Given the entries below, would you transcribe exactly the lines starting at the one with "- bestehend aus" and ending at the one with "pool; continually reinforcing.", both kept, pictures omitted, nothing extra?

##### SUPPLIED RECORDS

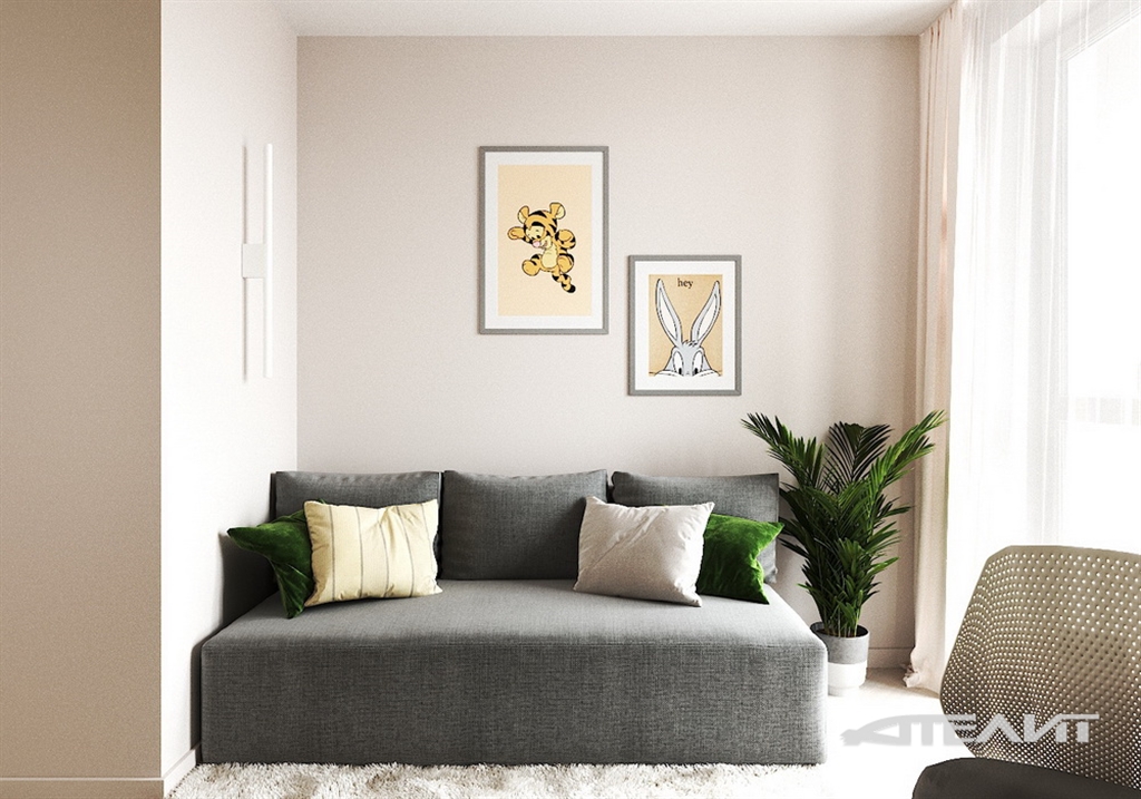 За счет близости к окну, диван можно использовать как удобное место для чтения. При необходимости он легко раскладывается и превращается в просторное спальное место.
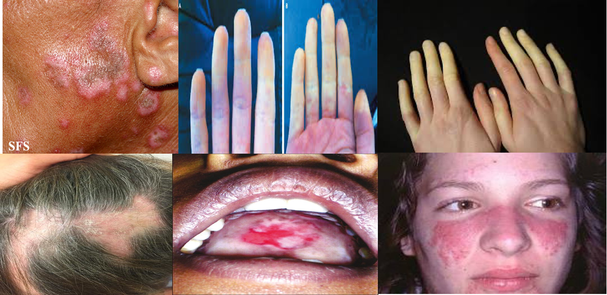 - Discoid Lupus Erythematosus (DLE): (See image)
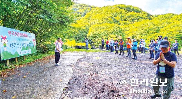 이와 관련 (사)한라산둘레길은 지난 16일 한국건강관리협회 후원으로 지역주민들이 참여하는 '국민건강 치유트레킹' 첫 행사를 개최하는 등 3회에 걸쳐 진행할 계획이다. 이날 국민건강 치유트레킹 행사에는 건강관리협회 임직원 및 지역주민 등 50여명이 참가한 가운데 한라산둘레길 천아숲길에서 숲 체험과 요가 등 다양하게 진행됐다. 김도영기자 doyoung@ihalla.com
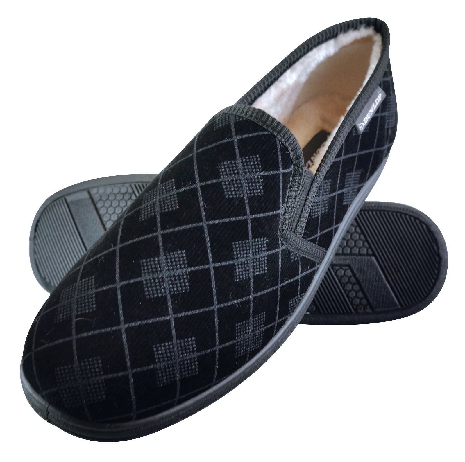 Dunlop - Mens Plush Fur Lined Memory Foam Checked Moccasin Hard Sole Slippers
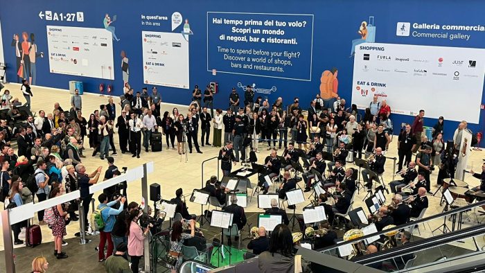 Nella cornice della nuova area di imbarco A per i voli nazionali e Schengen del Leonardo da Vinci, 40 elementi si sono esibiti in brani classici e moderni sotto gli occhi piacevolmente stupiti di passeggeri e operatori.
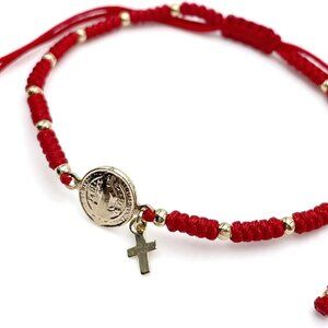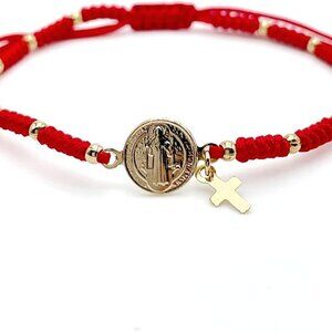 St Benedict Medal Adjustable Red String Bracelet San Benito for Protection
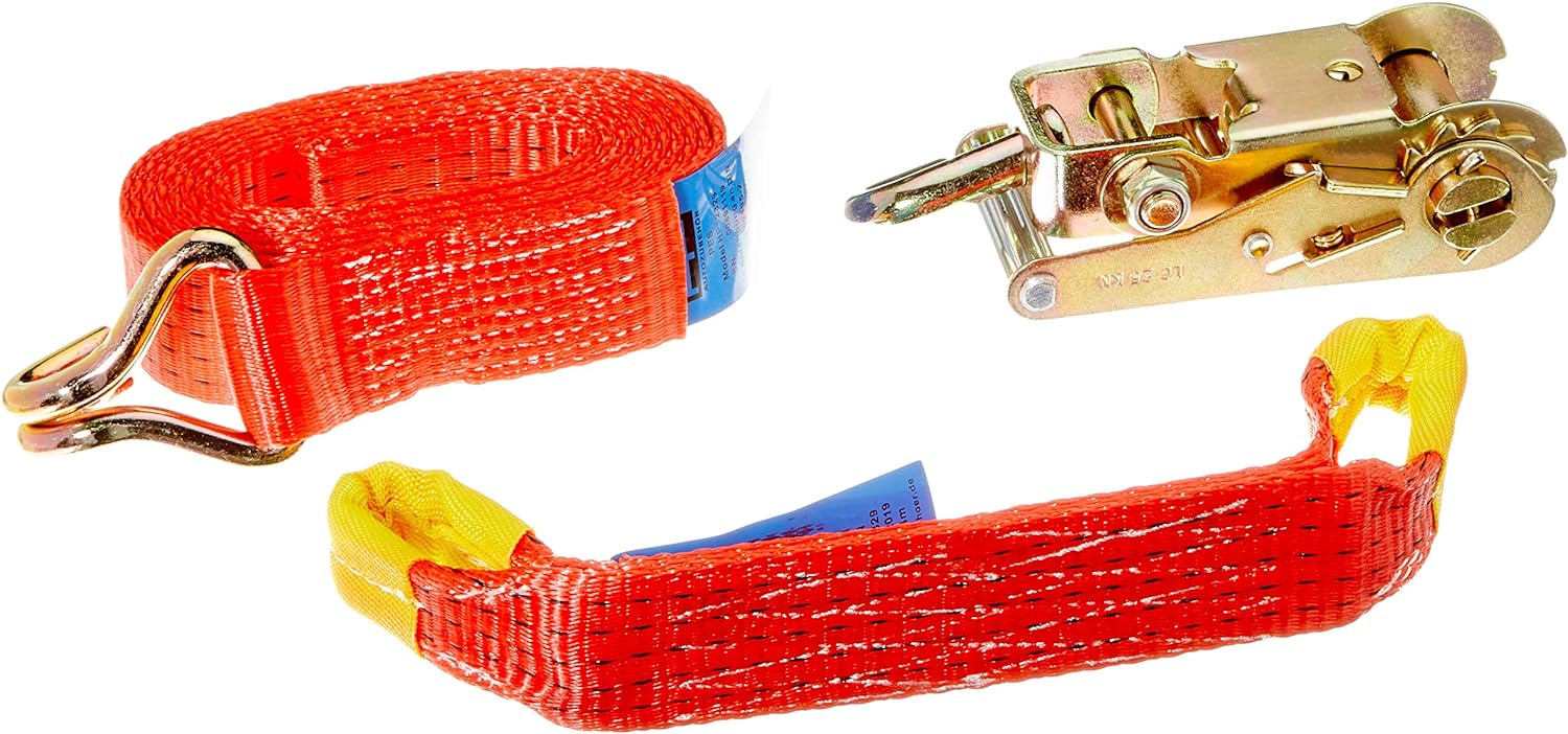 - bestehend aus einer Druckratsche mit eingebauten Spitzhaken, Zurrgurtband 50 x 3500 mm länge mit Spitzhaken, Verbindungsband mit Endschlaufen 400 mm
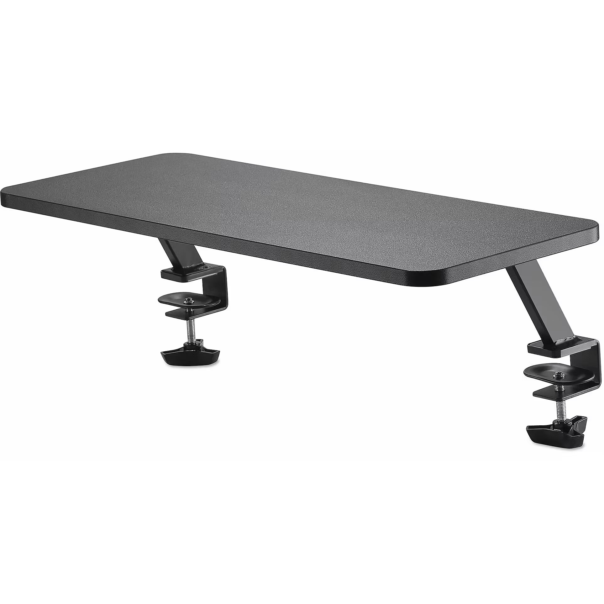 LongDesc - Clamp-on Monitor Shelf for Desk | For up to 34" MonitorsMaximize your desktop space and elevate your screen for more comfortable viewing with this monitor riser. It clamps on easily to your desk to open up more surface space, giving you an extra wide monitor shelf with a minimal footprint. The attractive black finish complements your office decor.Extra Work SpaceEnjoy an organized, clutter-free workspace with this space-saving monitor stand, 25.6" x 10.2" (65 cm x 26 cm). The extra wide monitor shelf provides ample room to hold your monitor and desk accessories. Use the large area underneath to store a full-size keyboard and other items, to keep everything within easy reach.Stable Support for your MonitorWith its heavy-duty base and sturdy platform, the clamp-on monitor shelf provides stable support for a single monitor up to 34"; with a maximum weight capacity up to 44 lb. (20 kg). You can also use the monitor stand to raise your laptop or printer, freeing up desk or counter space underneath. The integrated cable management slots keep cables organized and out of view.Fast and Easy AssemblyThe office desk monitor shelf offers fast and easy set up, with a C-clamp that attaches easily on to desk surfaces up to 1.3" (33 mm) in thickness. It offers a great space-saving solution without permanently altering your desk or table surface.MNRISERCLMP is backed by a StarTech.com 5-year warranty and free lifetime technical support.The StarTech.com Advantage
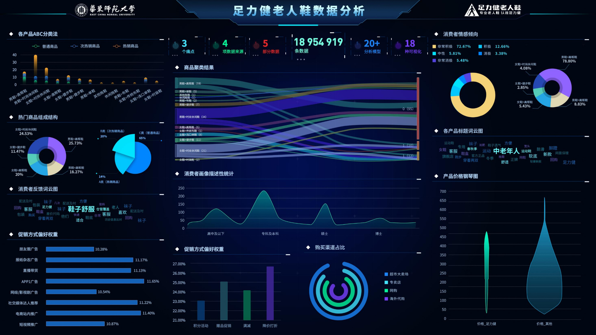 例如,在大賽中獲得全國特等獎的項目:“兩步并行:銀發基本盤X年輕新增量——足力健商務大數據分析”聚焦于“銀發經濟”背景下老年鞋市場的機遇與挑戰,以電商領域的經典模型“人貨場理論”為分析框架,運用十五種數據分析方法,從宏觀到微觀、從描述性分析到預測性分析,全面剖析了足力健品牌在用戶、貨品、場域三個維度的經營現狀及發展瓶頸。
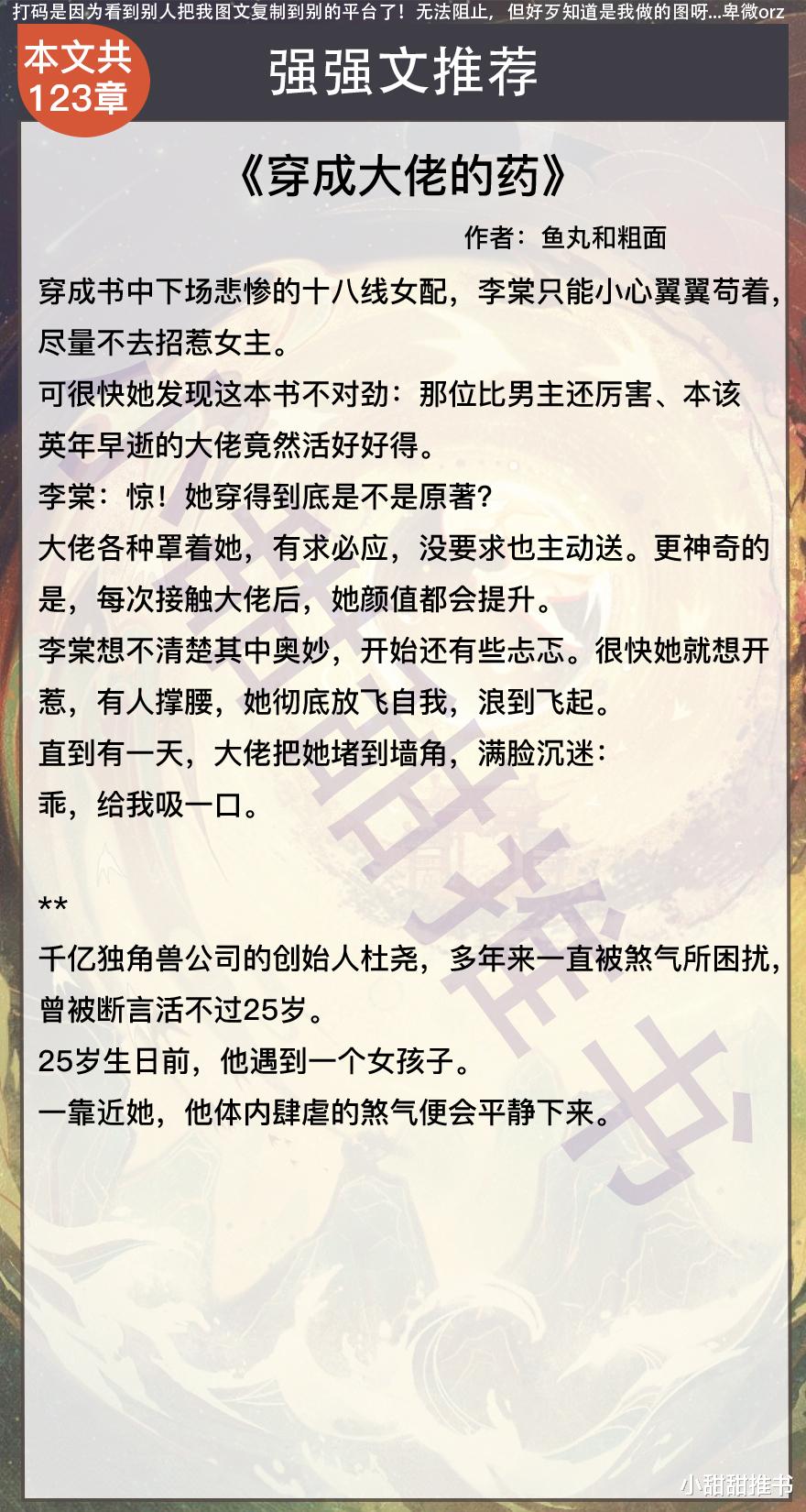 大家好,这期给大家推荐的是6本男强女强甜文小说!穿书文!女配文!第一本《穿成大佬的药》作者:鱼丸和粗面一句话简介:大佬就
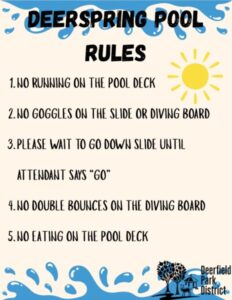 - "Script" for employees to announce during busy hours/camps that remind patrons of rules at the pool; continually reinforcing.
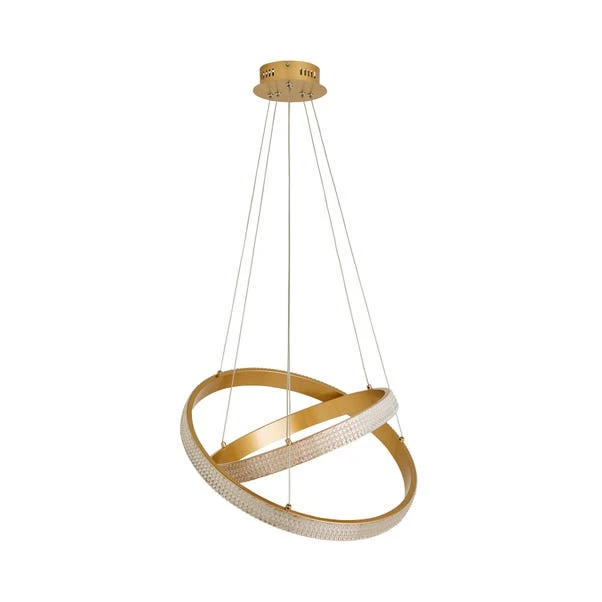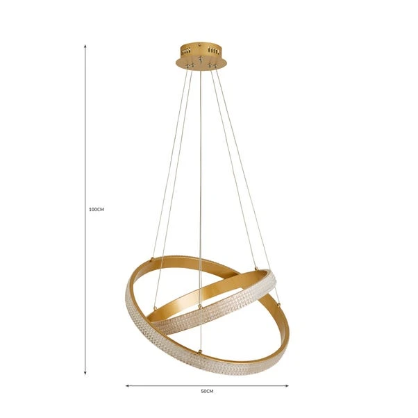 Add a glamorous touch to your home with the Hotel Harrogate 2 Light Ceiling Light. Featuring a suspended dual gold hoop with dual lit crystal effect LED integrated within the light, finished with a striking gold base and a height adjustable silver cable. The Hotel Harrogate Ceiling Light is the perfect piece to add a luxurious feel to your interior, pair with available matching family items to complete the look.
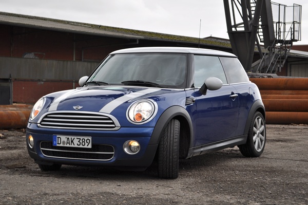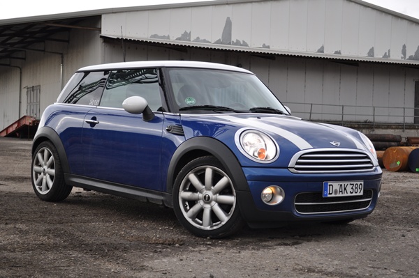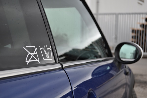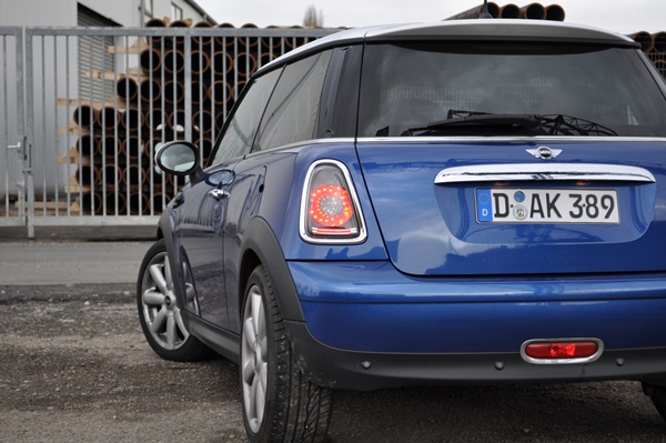 LED Tagfahrlicht, JCW Grill, schwarze LED-Nebelschlussleuchte, H&R Sportfedern 30/30, MINI Cooper SideStripes, weisse Bremssättel, JCW Carbonspoiler, weisse Rahmen um Front- & Heckleuchten
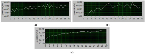 Estimated speed result: (a) speed of 40 km/h; (b) speed of 60 km/h; (c) speed of 80 km/h.
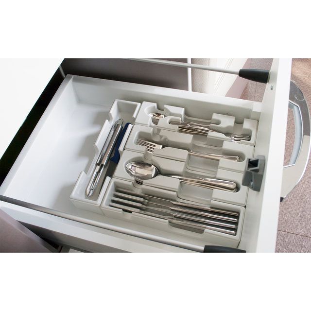 Modulaarisen järjestelmän ansiosta yksittäiset lokerot voidaan mukauttaa monenlaisiin laatikoihin tarpeiden ja leveyden mukaan. Älykäs aterinlokero hyödyntää käytettävissä olevan tilan parhaalla mahdollisella tavalla. Ruokailuvälineet voidaan järjestää siististi. Käytännöllinen pinoaminen tekee siitä entistäkin kätevämmän kapeissa tai pienemmissä laatikoissa. Se sopii erityisesti pieniin ajoneuvoihin, kuten pakettiautoihin. Vaakasuora säilytys suojaa aterimia, erityisesti veitsenteriä, vaurioilta.
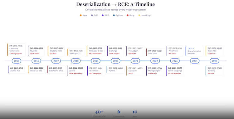 Timeline illustrating the deserialization vulnerability impacts of 40+ critical CVEs across 6 ecosystems, over the course of 10 years.
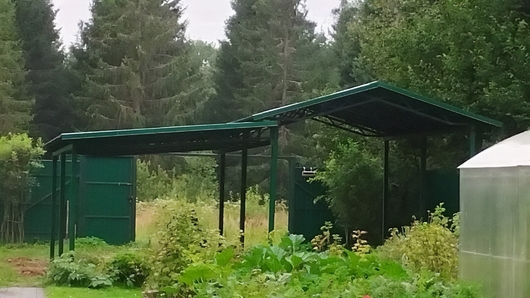 Навес двускатный + односкатный с крышей из профлиста зеленого цвета Арт-710
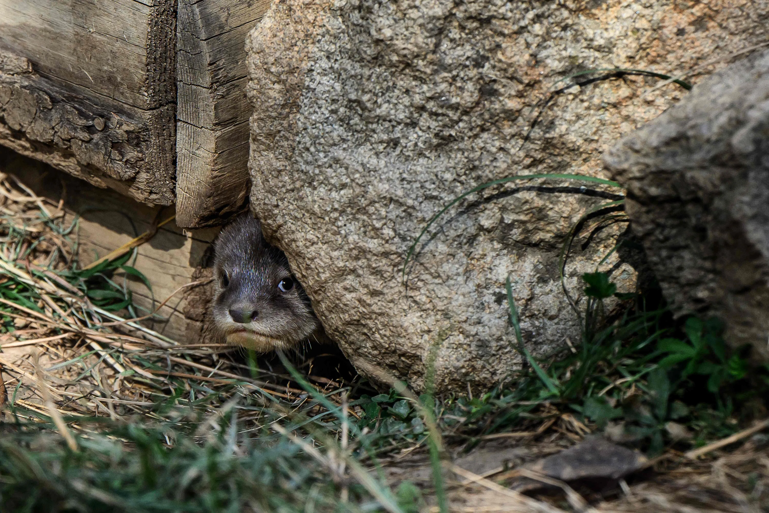 A 2 months old Asian dwarf otter looks on, at the Parc Animalier d'Auvergne in Ardes, on August 17, 2023. Three males and one female: a pair of dwarf Asian otters, a species in danger of extinction, gave birth to four otters, whose sex could be identified on August 17, 2023, at the Auvergne Wildlife Park in Ardes. (Photo by Jeff Pachoud/AFP Photo)
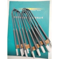 1800度硅鉬棒用于超高溫型試驗爐子,爐內溫度在1700-1800度左右,可選用直徑4/8,5/9或6/12的元件,當然有時候電爐很小的話可用直徑3/6(主要取決于爐子的大小)的。2選用合適規格的硅鉬棒對電爐來說是非常關鍵的,看使用溫度,第二看使用功率,第三是電壓。一般情況下根據爐膛的長度,排布開來,基本上都U型硅鉬棒。有的廠家想升溫快,可以使硅鉬棒的熱端直徑適當的增大減小一毫米,但是安裝電爐硅鉬棒數量就是要有功率以及電壓的來決定,但是又怕電壓達不到可以少幾根也是可以的,排好距離就行,棒與棒之間的距離好是同規格的中心距,合理的根據電爐所需的溫度情況來決定硅鉬棒的直徑。注:使用電爐硅鉬棒必須使用控電柜、一般廠家都會配備相配套的卡具。

##########

> **ANSWER**:
 - bestehend aus einer Druckratsche mit eingebauten Spitzhaken, Zurrgurtband 50 x 3500 mm länge mit Spitzhaken, Verbindungsband mit Endschlaufen 400 mm
 LongDesc - Clamp-on Monitor Shelf for Desk | For up to 34" MonitorsMaximize your desktop space and elevate your screen for more comfortable viewing with this monitor riser. It clamps on easily to your desk to open up more surface space, giving you an extra wide monitor shelf with a minimal footprint. The attractive black finish complements your office decor.Extra Work SpaceEnjoy an organized, clutter-free workspace with this space-saving monitor stand, 25.6" x 10.2" (65 cm x 26 cm). The extra wide monitor shelf provides ample room to hold your monitor and desk accessories. Use the large area underneath to store a full-size keyboard and other items, to keep everything within easy reach.Stable Support for your MonitorWith its heavy-duty base and sturdy platform, the clamp-on monitor shelf provides stable support for a single monitor up to 34"; with a maximum weight capacity up to 44 lb. (20 kg). You can also use the monitor stand to raise your laptop or printer, freeing up desk or counter space underneath. The integrated cable management slots keep cables organized and out of view.Fast and Easy AssemblyThe office desk monitor shelf offers fast and easy set up, with a C-clamp that attaches easily on to desk surfaces up to 1.3" (33 mm) in thickness. It offers a great space-saving solution without permanently altering your desk or table surface.MNRISERCLMP is backed by a StarTech.com 5-year warranty and free lifetime technical support.The StarTech.com Advantage
 例如,在大賽中獲得全國特等獎的項目:“兩步并行:銀發基本盤X年輕新增量——足力健商務大數據分析”聚焦于“銀發經濟”背景下老年鞋市場的機遇與挑戰,以電商領域的經典模型“人貨場理論”為分析框架,運用十五種數據分析方法,從宏觀到微觀、從描述性分析到預測性分析,全面剖析了足力健品牌在用戶、貨品、場域三個維度的經營現狀及發展瓶頸。
 大家好,这期给大家推荐的是6本男强女强甜文小说!穿书文!女配文!第一本《穿成大佬的药》作者:鱼丸和粗面一句话简介:大佬就
 - "Script" for employees to announce during busy hours/camps that remind patrons of rules at the pool; continually reinforcing.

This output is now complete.